:: Your assignment ::
Go to the line containing "У ход ідзе ўсё, што" in the material below. From there to the end, retype every line exactly and drop the pictures.

:: Recorded data ::
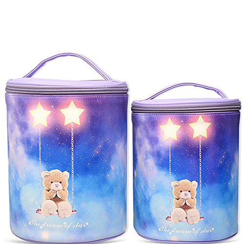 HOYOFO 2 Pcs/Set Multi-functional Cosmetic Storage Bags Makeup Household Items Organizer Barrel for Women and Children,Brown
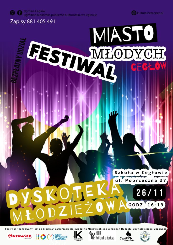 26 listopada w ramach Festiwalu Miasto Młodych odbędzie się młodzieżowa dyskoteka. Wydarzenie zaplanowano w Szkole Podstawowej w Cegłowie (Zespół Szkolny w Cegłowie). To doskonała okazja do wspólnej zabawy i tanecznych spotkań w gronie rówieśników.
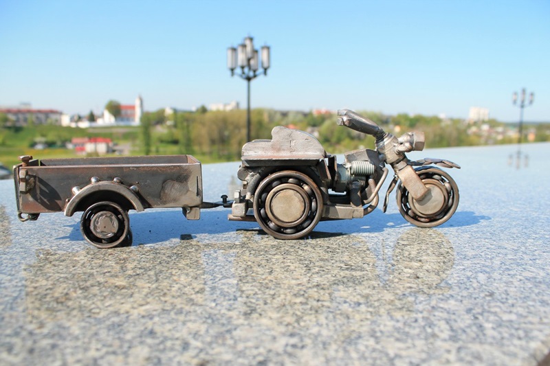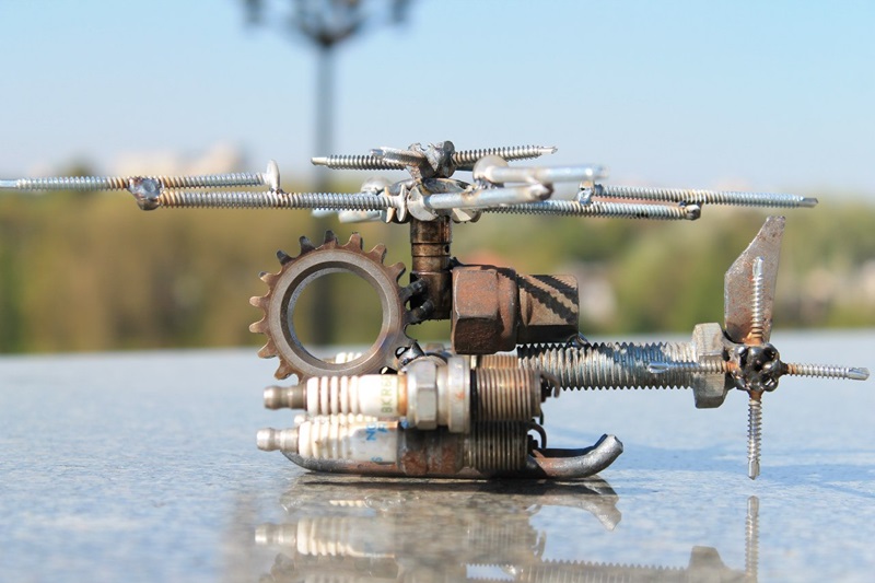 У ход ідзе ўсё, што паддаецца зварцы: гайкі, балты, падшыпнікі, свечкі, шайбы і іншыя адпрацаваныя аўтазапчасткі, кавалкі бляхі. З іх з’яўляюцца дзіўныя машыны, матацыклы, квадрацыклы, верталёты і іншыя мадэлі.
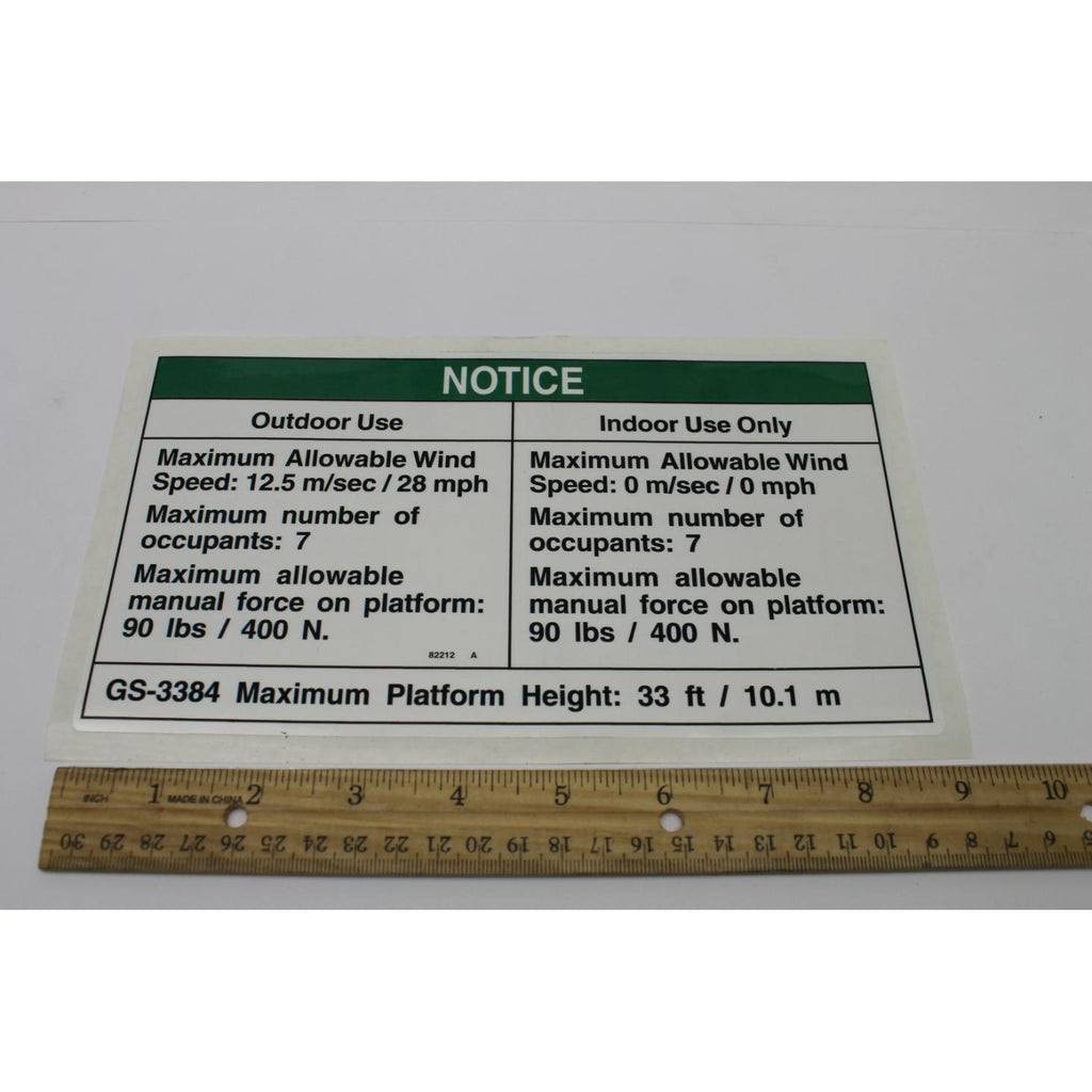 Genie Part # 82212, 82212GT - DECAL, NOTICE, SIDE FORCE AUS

:: Result ::
 У ход ідзе ўсё, што паддаецца зварцы: гайкі, балты, падшыпнікі, свечкі, шайбы і іншыя адпрацаваныя аўтазапчасткі, кавалкі бляхі. З іх з’яўляюцца дзіўныя машыны, матацыклы, квадрацыклы, верталёты і іншыя мадэлі.
 Genie Part # 82212, 82212GT - DECAL, NOTICE, SIDE FORCE AUS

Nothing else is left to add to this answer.